The primary issue before the NCLAT was whether the ‘leasehold rights’ vested in a corporate debtor must be considered as an ‘asset’ of Boulevard within the meaning of the Code. The NCLAT noted that under the Code, the resolution professional is required to take custody and control of any asset over which the corporate debtor has ownership rights as recorded in the balance sheet of the corporate debtor including ‘intangible assets[i]. The NCLAT noted that ‘intangible asset’ is defined under the Income Tax Act, 1961[ii] as know-how, patents, copyrights, trademarks, licenses, franchisees or any other business or commercial rights of similar nature. The NCLAT ruled that the words ‘any other business or commercial rights of similar nature’ would include leasehold rights which have ‘commercial nature’. The NCLAT also relied upon the Indian Accounting Standard which defines an intangible asset as an identifiable non-monetary asset, without physical substance, held for use in the production or supply of goods or services, for rental to others, or for administrative purposes. NCLAT found that leasehold rights satisfy all three criteria to meet the definition of an intangible asset, i.e., identifiability, control over the resource by the enterprises and expectation of future economic benefits to the enterprise.
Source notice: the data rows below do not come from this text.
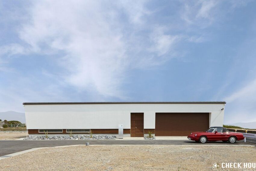 - 中庭を直線の”ロ”の字で囲んだリゾートの平屋建て。曲線の美しいランボルギーニのためのビルトインガレージ。
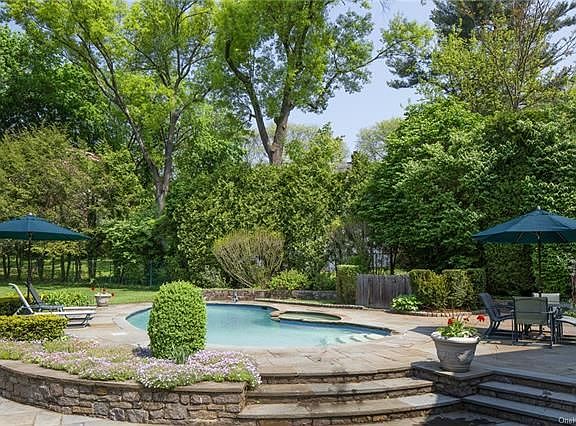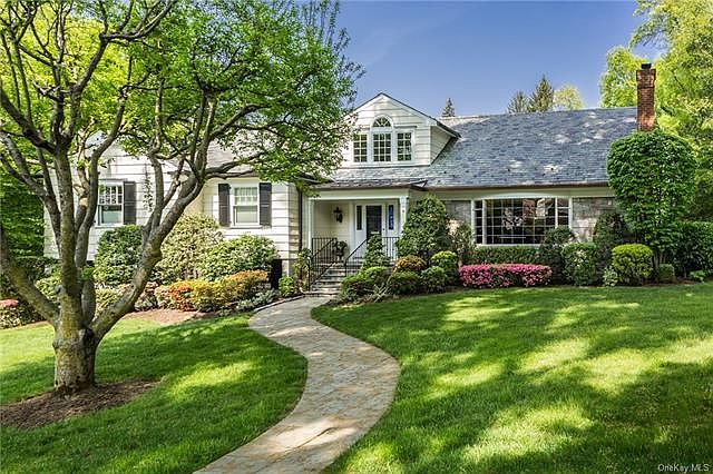 A delightful, easy walk to school, train and shops is yours from this picturesque Colonial on a quiet cul de sac right off Pondfield Road. Not only is it surrounded by lovely, landscaped property but it offers a wonderful pool for summer enjoyment.The interior has a gracious, wide front hall introducing a pretty living room with bow window and marble fireplace, a formal dining room and a large and modern eat-in kitchen with expansive dining area overlooking the pool and lawn. Both the kitchen and dining room conveniently open to an attractive screened-in porch...perfect for entertaining and watching the kids enjoy the pool. An inviting family room adjoins the kitchen creating fabulous flow. The convenient powder room off the foyer completes the main floor. A couple of steps up are 3 bedrooms which include a master with en-suite bath plus two more good sized bedrooms and full hall bath. Upstairs there are 2 more spacious bedrooms and bath plus a playroom that could easily be an additional 6th bedroom.The 1400 square foot(not include in total house sq. footage) lower level of this house is sensational space.....a light, open, beautifully designed and renovated family room with theater, billiard room w/ kitchen and full bath. In addition to a nice, modern laundry room, there is storage galore.With separate entrance to the outdoors and another entrance to a big two car garage, this attractive level adds to the house's amazing livability.With its super convenient, walk everywhere location and wonderful space this new offering is a must see.Great value in today's market.
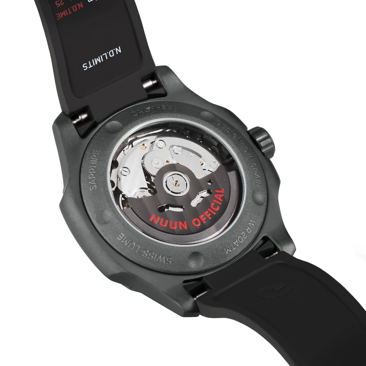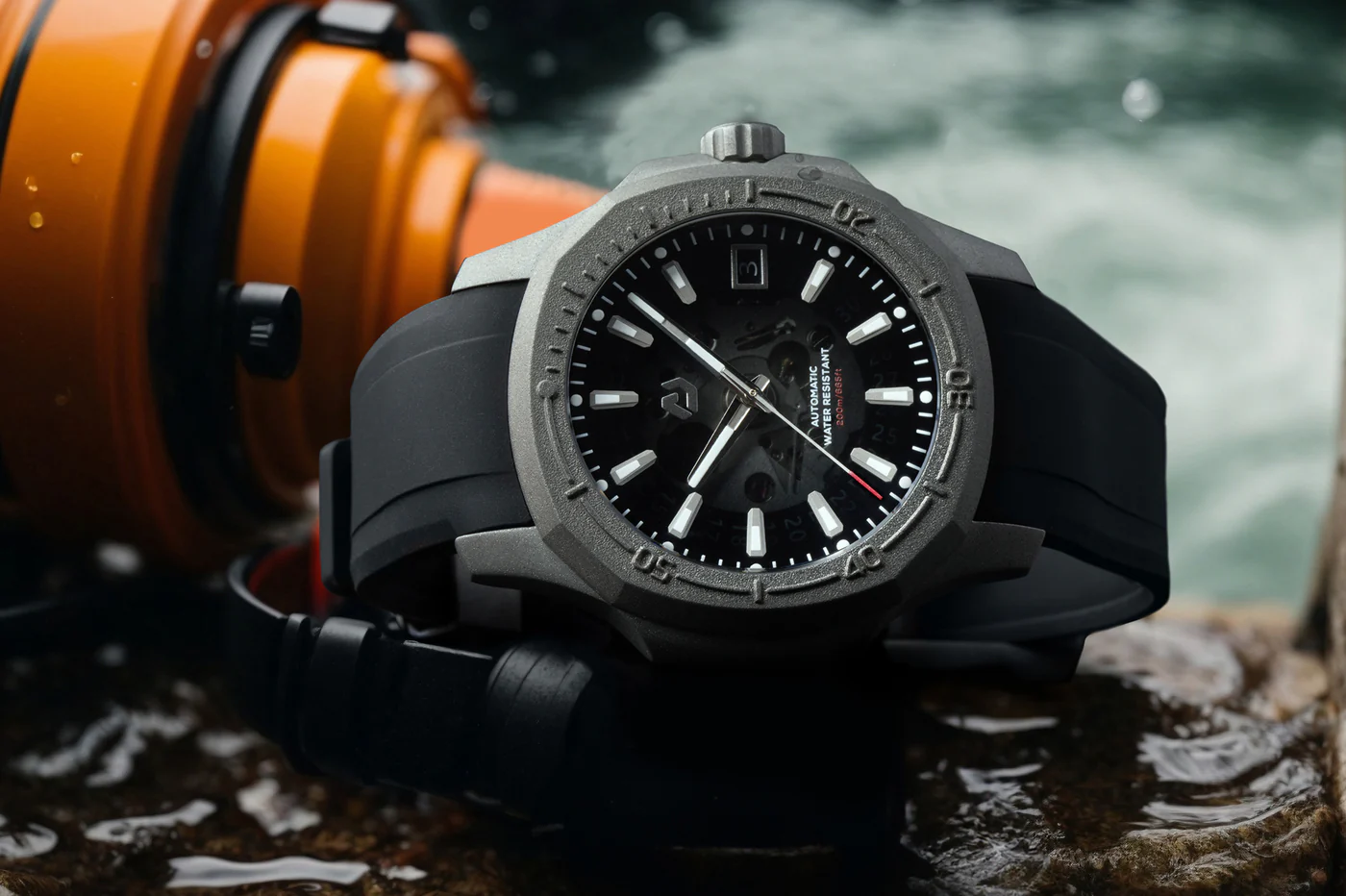 Introducing the N200 Gunmetal Diver's Watch, a perfect fusion of timeless elegance and robust functionality. This exquisite timepiece features a translucent dial, Index markers, and is crafted from durable, gunmetal-coated stainless steel. Designed for both sophistication and underwater adventures.

Therefore, NCLAT held that intangible assets would include leasehold rights accrued to Boulevard and the resolution professional is empowered under the Code to take control and custody of the leased plot. However, the NCLAT clarified that the assets are only limited to ‘leasehold rights’ and not the ‘leased plot’ itself, which continues to belong to NOIDA. Taking further note that Boulevard had incurred a substantial expense to develop the leased plot, NOIDA itself has never sought termination of the lease deed, and that a resolution plan has been approved by the committee of creditors of Boulevard, the NCLAT disposed of the appeal.

 Our thoughts

The NOIDA Judgement upholds the objective of the moratorium under the Code which seeks to ensure that there is no depletion of a corporate debtor’s assets during the insolvency resolution process. The reason being that the corporate debtor is given a chance to function as a going concern during the moratorium, thus attempting to maximise value for all stakeholders. It should be noted that in order to prevent the improper removal of an asset from the debtor’s estate, courts in India have also time and again held that a third party may not be allowed to terminate a contract with a corporate debtor on the ground of insolvency, if such contract is important for the sustenance and successful resolution of the corporate debtor, and its termination will hasten the death of the corporate debtor.[iii] Therefore, in a conflict between contractual right to terminate and the objective of corporate rescue, the courts have prioritised the ‘going-concern’ nature of the corporate debtor, in line with the objective of the Code.

Authors: Souvik Ganguly, Altamash Qureshi and Paridhi Rastogi

The information contained in this document is not legal advice or legal opinion. The contents recorded in the said document are for informational purposes only and should not be used for commercial purposes. Acuity Law LLP disclaims all liability to any person for any loss or damage caused by errors or omissions, whether arising from negligence, accident, or any other cause.

 

[i] Section 18(f)(iv) of the Code

[ii] Explanation 3 to Section 32(1) of the Income Tax Act, 1961

[iii] Gujarat Urja Vikas Nigam Limited v. Mr. Amit Gupta; TATA Consultancy Services Ltd. v. Vishal Ghisulal Jain, Resolution Professional, SK Wheels Pvt. Ltd.